A collection of U.S. federal financial regulators revived a set of rule proposals, initially crafted in response to the global financial crisis, that aim to stop financial institutions from adopting compensation models that encourage excessive risk taking.
The U.S. Federal Deposit Insurance Corporation, the Office of the Comptroller of the Currency, and the Federal Housing Finance Agency issued a rule-making proposal on Monday that addresses incentive-based compensation arrangements in the financial sector.
The proposal revives rules that were initially published in 2016, as part of the post-crisis reform effort in the U.S. under legislation known as Dodd-Frank, which required federal regulators to adopt rules or guidance regarding incentive-based compensation practices at financial institutions with at least US$1 billion in assets.
The proposals published on Monday include prohibitions designed to make incentive-based compensation arrangements more sensitive to risk, the regulators said.
This includes prohibitions on incentive plans that do not include clawback and forfeiture provisions.
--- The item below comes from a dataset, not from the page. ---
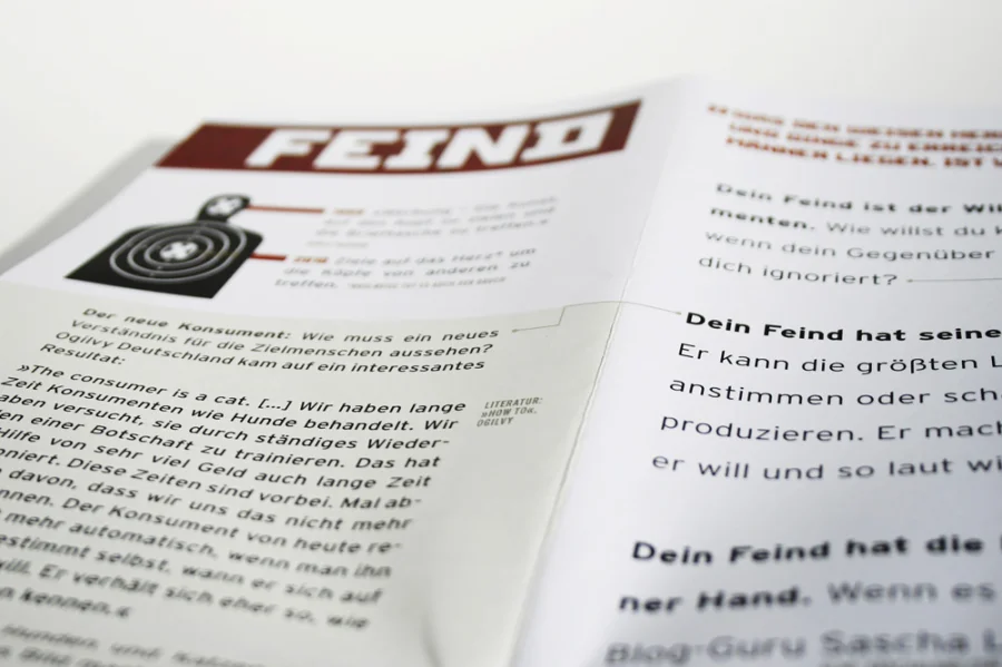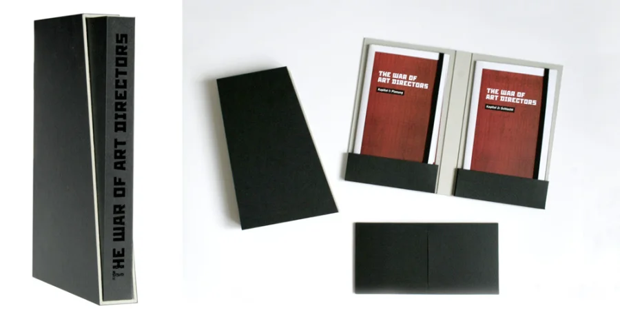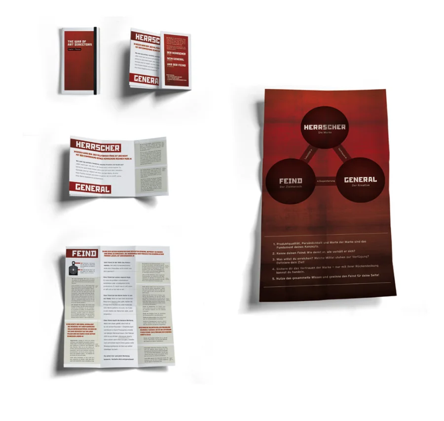 Anstelle einer aufwändigen und wertigen Buchgestaltung, liegt der Augenmerk bei meiner Abschlussarbeit »The War of Art Directors« ganz klar auf Komprimierung und Zweckmäßigkeit. Durch das handliche Format ist dieser Leitfaden das erste Schriftstück, das der Kreative jederzeit mitnehmen kann. Zusätzlich werden digitale Kanäle (Apps, Blog und Twitter) als stets aktuelle Inspirationsquellen genutzt.

“These prohibitions would help safeguard [financial firms] from the types and features of incentive-based compensation arrangements that encourage inappropriate risks,” the regulators said in a notice outlining the proposals. They added that the proposals are also designed to “emphasize the important role of sound governance and risk management control mechanisms.”
The proposed rules also include disclosure and record-keeping requirements that are intended to improve regulators’ oversight in this area.
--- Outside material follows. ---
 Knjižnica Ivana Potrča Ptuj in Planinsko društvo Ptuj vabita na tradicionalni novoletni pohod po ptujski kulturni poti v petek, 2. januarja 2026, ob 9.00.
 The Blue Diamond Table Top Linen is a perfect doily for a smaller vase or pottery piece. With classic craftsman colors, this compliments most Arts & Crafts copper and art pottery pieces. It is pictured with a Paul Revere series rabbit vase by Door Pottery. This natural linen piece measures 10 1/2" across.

The agencies noted that the U.S. Securities and Exchange Commission also has this issue on its rule-making agenda, and that the National Credit Union Administration is expected to take action on it in the near future too.
The proposals are out for comment, although they have not been published in the Federal Register.
Acting comptroller of the currency, Michael Hsu, issued a statement accompanying the proposals, indicating they are intended to restart discussions over this post-crisis reform, alongside the other federal agencies, which never agreed on final rules.
“The 2016 [proposal] was the closest the six agencies have come to agreeing on a joint final rule; thus, it is a natural place to start,” he said. “The financial system has changed significantly since then, and interagency discussions and our supervisory experience have highlighted modifications to the 2016 [proposals] that would help us fulfil our statutory mandate more effectively.”
Hsu noted that the regulators are accepting comments on the proposal, and said they “look forward to continuing to engage our interagency peers and the public on how we can most effectively curtail problematic incentive compensation practices.”